日本統治下の物語ですから、球児たちは全編日本語で話し、原住民同士や漢人同士の会話のみアミ語や漢語で日本語の字幕がつく形です。出演者は野球経験がある人を選んだそうですが、日本語の習得にも相当な時間を割いて製作したことがうかがえます。
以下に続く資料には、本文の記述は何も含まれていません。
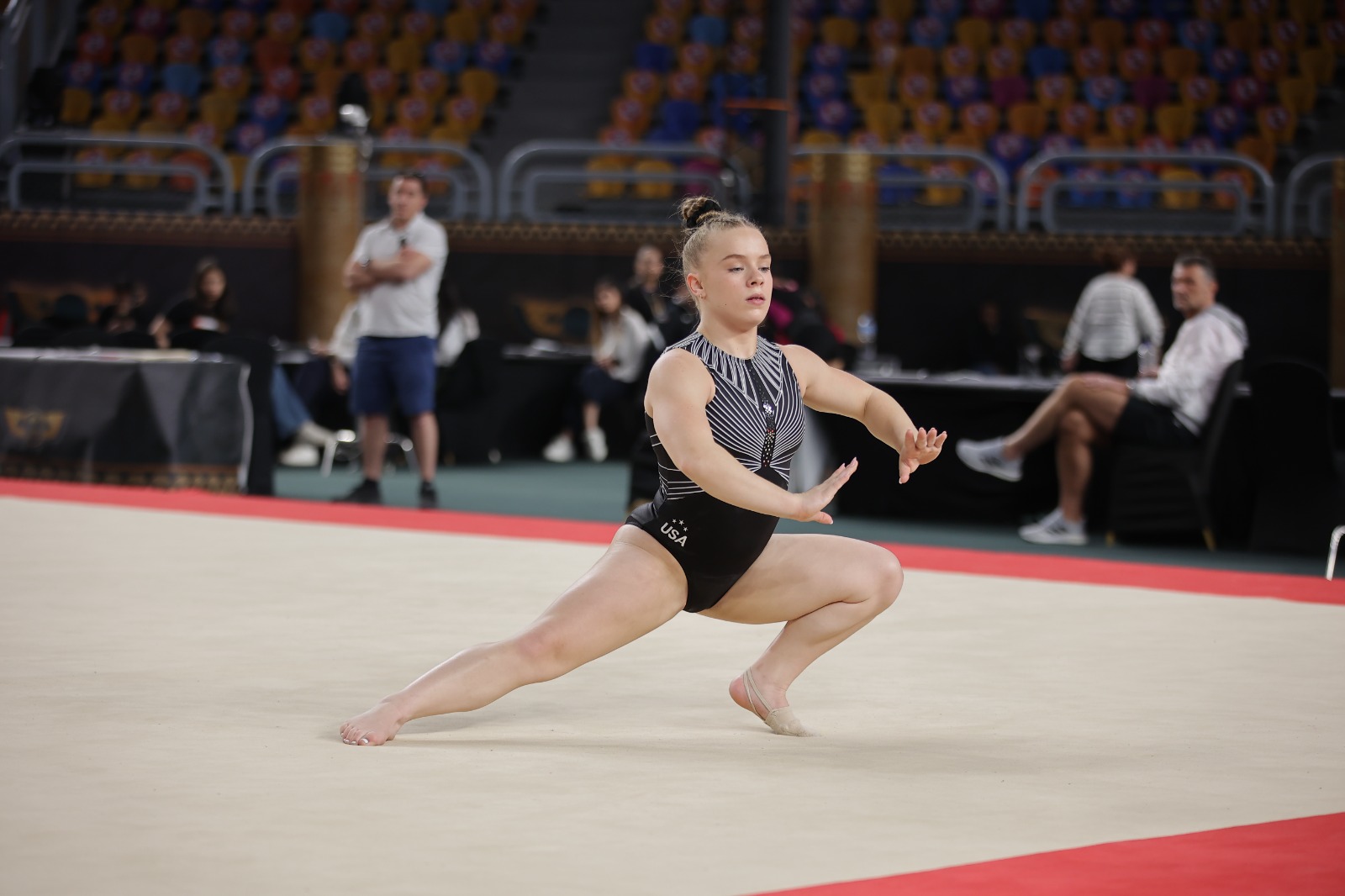 منتخبات كأس العالم للجمباز تؤدي تدريباتها بالصالة المغطاة(صور)

映画の前半は、他の野球チームと戦っても一度も勝ったことがない弱小チームが、近藤監督から「甲子園」を掛け声に毎日市内をランニングするよう命じられ、負ける悔しさをおぼえ、馬鹿にされても練習で跳ね返すことを身につけ、徐々に強くなっていく過程が丁寧に描かれます。
映画の後半は、甲子園に舞台を移します。
1回戦で勝利した直後、新聞記者のひとりが失礼な質問をします。
違う民族と意志の疎通ができるんですか?
野蛮な高砂族(原住民族の旧呼称)は日本語ができる?
ニ・ホ・ン・ゴわかる?
その瞬間、前列にいた平野(原住民アミ族)が何とも言えない表情をするのです。
「またか」「何を言っても無駄だ」…
きっと何度も何度も繰り返し言われてきた貶める言葉に、そんな諦めに似た表情を浮かべて俯くと、横にいた小里(日本人)が言い返します。
質問の意味がようわかりません
僕たちはいい友達です
近藤監督がすぐに「あなたは何を見てるんですか。野球の大好きな球児です。民族の違いは関係ない」と一蹴して終えますが、そのことを彼らは試合を通じて”証明”してみせます。
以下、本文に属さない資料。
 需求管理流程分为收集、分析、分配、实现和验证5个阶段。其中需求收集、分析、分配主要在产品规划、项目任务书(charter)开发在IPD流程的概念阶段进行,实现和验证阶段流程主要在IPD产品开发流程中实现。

準決勝戦で指を痛めたピッチャーの呉明捷が決勝戦で制球に苦しみ、近藤監督が控えのピッチャーに肩慣らしを命じると、「(3年生の)アキラ先輩はこれが最後です。最後まで投げさせてやってください」と監督に迫るのは平野です。
制球難から2連続押し出しになると、「アキラ、打たせてやれ。俺たちが必ず守る」と最初に声をかけるのは小里です。
漢人の呉明捷と蘇正生以外は全員日本名で、日本語でのやりとりですから、映画を観ているだけだと普通の”スポ根”ものに見えますが、ブックレットを読んでひとりひとりの出自を知ると、奥深い世界を描いていることがわかります。
ユーチューブで映画の予告編を視聴できます。
気にいったら是非視聴してみてください。とてもいい映画です。